◆ Available data:
——
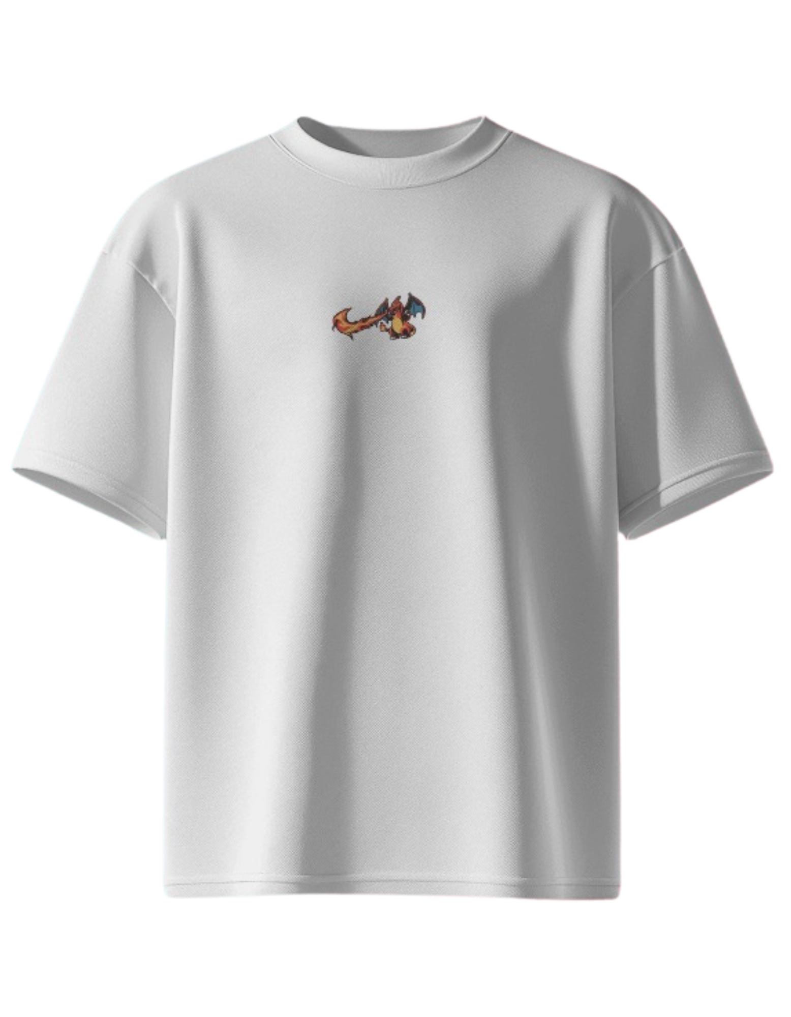At the center lies a meticulously embroidered dragon, symbolizing power, transformation, and fearless individuality. Done in fiery hues against crisp white, the emblem brings subtle energy without overpowering the minimalist aesthetic.
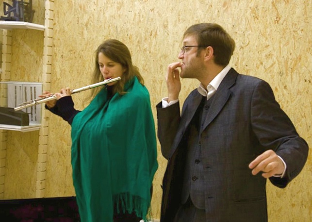 Es war schon bemerkenswert: Zwei Musiker im Künstleratelier, die mit Hilfe einiger Flöten, eines Computers, zweier Wii-Controller und einer erstaunlichen Vielzahl stimmlich und körperlich erzeugter Geräusche ein recht ungewöhnliches Konzert bestreiten. Möglich wurde das durch die Veranstaltungsreihe „Kunst am 22.“, an der sich eine kleine Gruppe handverlesener Ateliers im Bayerischen Wald beteiligt. Am 22. eines jeden Monats öffnen – in regelmäßigem Turnus – die Ateliers des Künstlers Anton Kirchmair, des Fotografen Franz Hintermann und der Keramikerin Renate Balda ihre Tore, um den Besuchern einen außergewöhnlichen Zugang zur Kunst zu präsentieren und Diskussionen darüber in Gang zu bringen. So waren am 22. Oktober der Komponist und Countertenor Alex Nowitz und die Flötistin Sabine Vogel aus Berlin in Marchhäuser zu Gast, wo sie zwischen den Druckgraphiken und den hölzernen Objekten von Anton Kirchmair dem von weither angereisten Publikum einen Einblick in die stark mit Geräuschen arbeitende Szene frei improvisierter Musik gaben, in der die beiden unter anderem am Amsterdamer STEIM (studio for electro-instrumental music) ausgebildeten Künstler arbeiten. ....................................
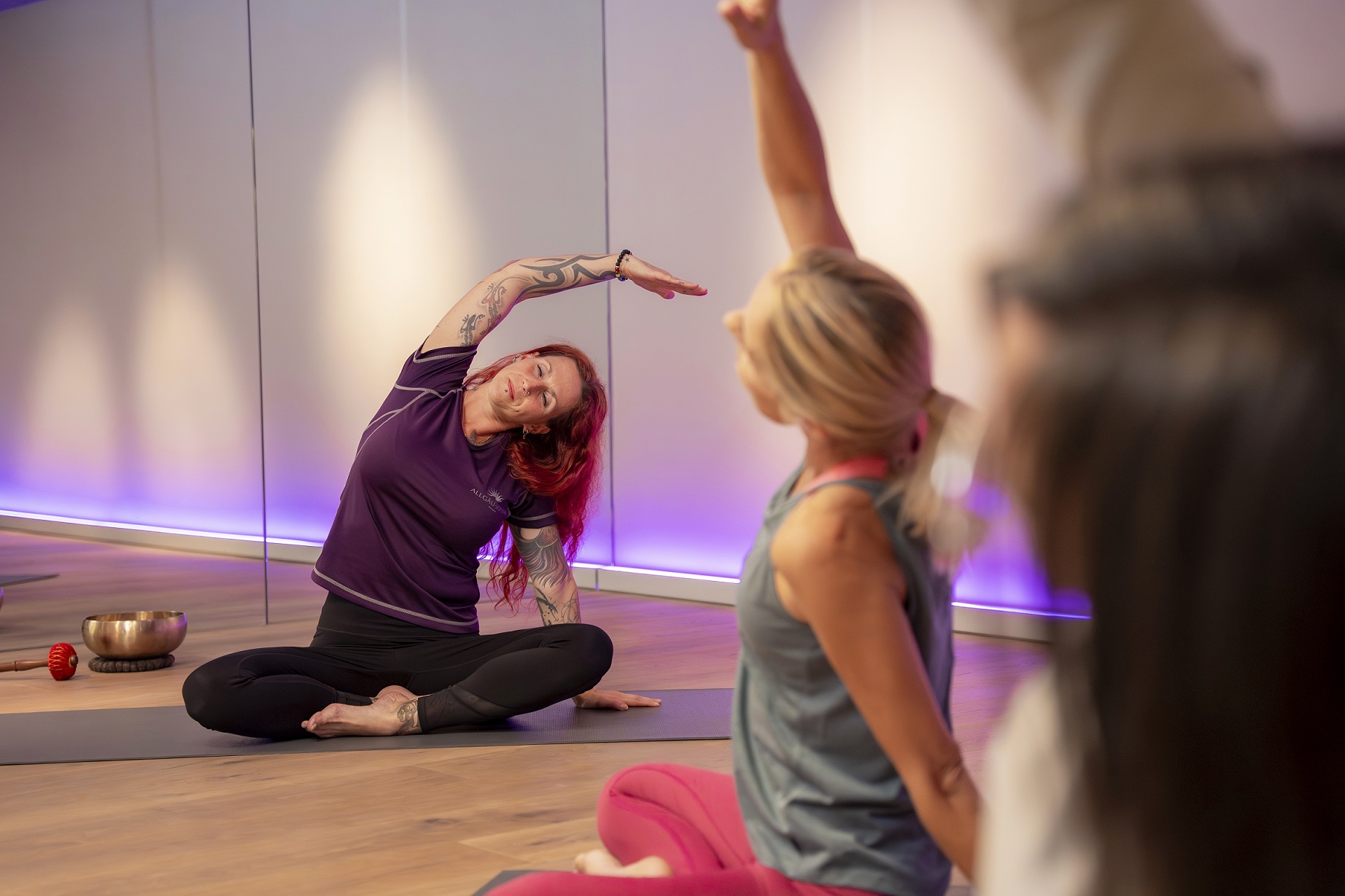 Ayurveda und Yoga haben nicht nur ihren Ursprung in Indien gemeinsam – sie ergänzen sich auch ideal. Während Ayurveda die Gesundheit durch ausgewogene Ernährung, Massagen und Reinigungsrituale unterstützt, strebt Yoga die Einheit von Körper und Geist an. Zwei hervorragend ausgebildete und erfahrene Sport- und Yoga-Lehrerinnen leiten die zahlreichen Kurse an. Im aktuellen Sportprogramm der Allgäu Sonne sehen Sie, welche Yogaeinheiten die Woche geboten werden.
——
◆ Directions:
Quote the material in full and exactly; do not carry over its pictures.

◆ Solution to the problem:
At the center lies a meticulously embroidered dragon, symbolizing power, transformation, and fearless individuality. Done in fiery hues against crisp white, the emblem brings subtle energy without overpowering the minimalist aesthetic.
 Es war schon bemerkenswert: Zwei Musiker im Künstleratelier, die mit Hilfe einiger Flöten, eines Computers, zweier Wii-Controller und einer erstaunlichen Vielzahl stimmlich und körperlich erzeugter Geräusche ein recht ungewöhnliches Konzert bestreiten. Möglich wurde das durch die Veranstaltungsreihe „Kunst am 22.“, an der sich eine kleine Gruppe handverlesener Ateliers im Bayerischen Wald beteiligt. Am 22. eines jeden Monats öffnen – in regelmäßigem Turnus – die Ateliers des Künstlers Anton Kirchmair, des Fotografen Franz Hintermann und der Keramikerin Renate Balda ihre Tore, um den Besuchern einen außergewöhnlichen Zugang zur Kunst zu präsentieren und Diskussionen darüber in Gang zu bringen. So waren am 22. Oktober der Komponist und Countertenor Alex Nowitz und die Flötistin Sabine Vogel aus Berlin in Marchhäuser zu Gast, wo sie zwischen den Druckgraphiken und den hölzernen Objekten von Anton Kirchmair dem von weither angereisten Publikum einen Einblick in die stark mit Geräuschen arbeitende Szene frei improvisierter Musik gaben, in der die beiden unter anderem am Amsterdamer STEIM (studio for electro-instrumental music) ausgebildeten Künstler arbeiten. ....................................
 Ayurveda und Yoga haben nicht nur ihren Ursprung in Indien gemeinsam – sie ergänzen sich auch ideal. Während Ayurveda die Gesundheit durch ausgewogene Ernährung, Massagen und Reinigungsrituale unterstützt, strebt Yoga die Einheit von Körper und Geist an. Zwei hervorragend ausgebildete und erfahrene Sport- und Yoga-Lehrerinnen leiten die zahlreichen Kurse an. Im aktuellen Sportprogramm der Allgäu Sonne sehen Sie, welche Yogaeinheiten die Woche geboten werden.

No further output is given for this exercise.